24.01.11
"Frauen können mental stärker sein" - Interview in der "Welt"
14 000 Frauen leisten den Dienst an der Waffe. Jasna Zajcek hat Soldatinnen begleitet. Ein Gespräch über Tussis, Sprüche und die Angst des Mannes vor kräftigen Mädchen
Vor zehn Jahren entschied der Europäische Gerichtshof, dass Frauen nicht nur als Ärztinnen und Sanitäterinnen zur Bundeswehr dürfen - sondern auch, um "Dienst an der Waffe" zu leisten.
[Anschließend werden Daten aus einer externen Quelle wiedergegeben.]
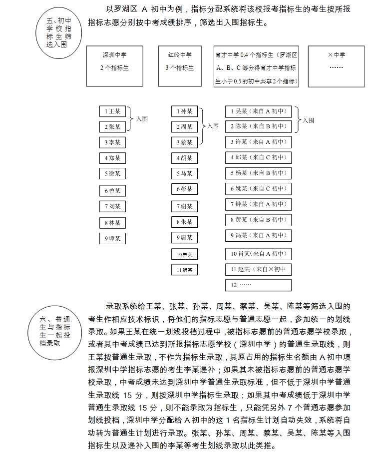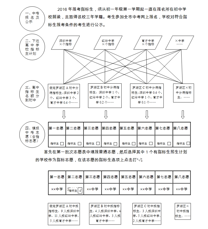 为帮助考生直观形象地理解指标生分配和录取办法,市招考办制作了《深圳市2016年指标生名额分配和录取办法示意图》,考生可通过“深圳招考网”或《考生报考指导手册》查阅。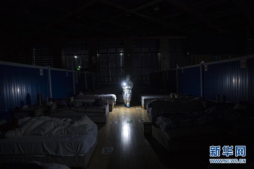 Bác sĩ Hồ Bội, thành viên của đội ngũ y tế hỗ trợ đến từ Giang Tây đang đi kiểm tra các buồng bệnh trong ca trực đêm cuối cùng tại bệnh viện Vũ Xương. Ảnh: Tân Hoa Xã |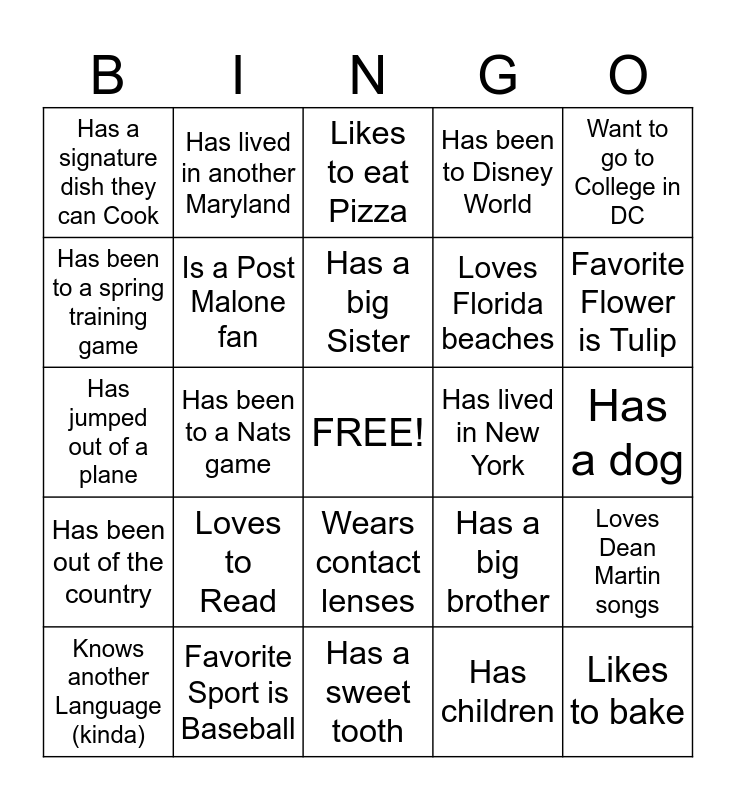 This bingo card has a free space and 24 words: Loves to Read, Favorite Sport is Baseball, Has a big Sister, Knows another Language (kinda), Want to go to College in DC, Has a signature dish they can Cook, Has been to a spring training game, Has lived in another Maryland, Has lived in New York, Wears contact lenses, Loves Florida beaches, Has jumped out of a plane, Has a big brother, Loves Dean Martin songs, Is a Post Malone fan, Has children, Has a dog, Likes to eat Pizza, Favorite Flower is Tulip, Has been to a Nats game, Likes to bake, Has been out of the country, Has been to Disney World and Has a sweet tooth.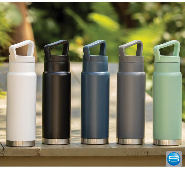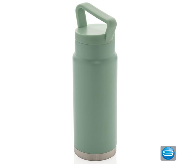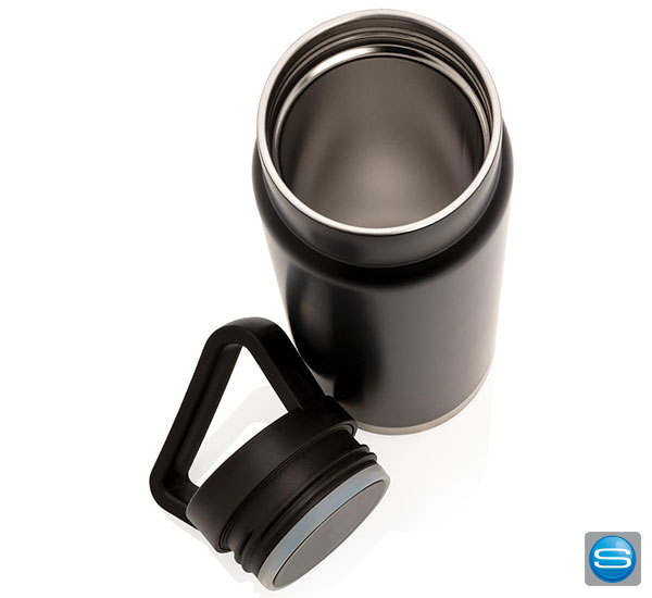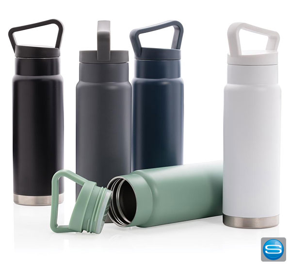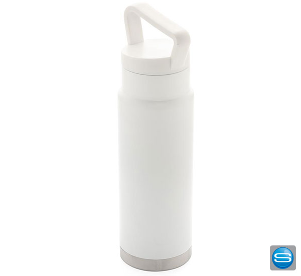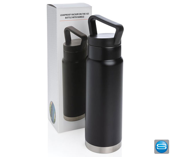 Auslaufsichere Vakuum-Flasche mit Tragegriff aus Stainless Steel mit 650ml Kapazität. Die gravierbare Trinkflasche hält Ihre Getränke bis zu 15 Stunden kalt und bis zu fünf Stunden warm. Die Edelstahlflasche kann per Tampondruck, Lasergravur, Siebdruck-gerundet und personlisiertem Schuber mit Ihrem Firmenlogo versehen werden und eignet sich daher hervorragend als Werbegeschenk. Zudem ist die Flasche BPA frei und lässt sich dank des Tragegriffs überall hin mitnehmen.

Inzwischen tun das rund 14 000 Frauen. Jasna Zajcek hat Soldatinnen bei der Ausbildung begleitet und immer wieder Einsätze und Missionen besucht - unter anderem im Sudan, im Kosovo und in Dschibuti. Jetzt hat sie ein Buch darüber geschrieben: "Unter Soldatinnen" (Piper-Verlag). Mit ihr sprach Jennifer Wilton.
Die Welt: Ihr Buch trägt den Untertitel "Frontbericht" - an welcher Front kämpfen deutsche Soldatinnen denn heute vor allem?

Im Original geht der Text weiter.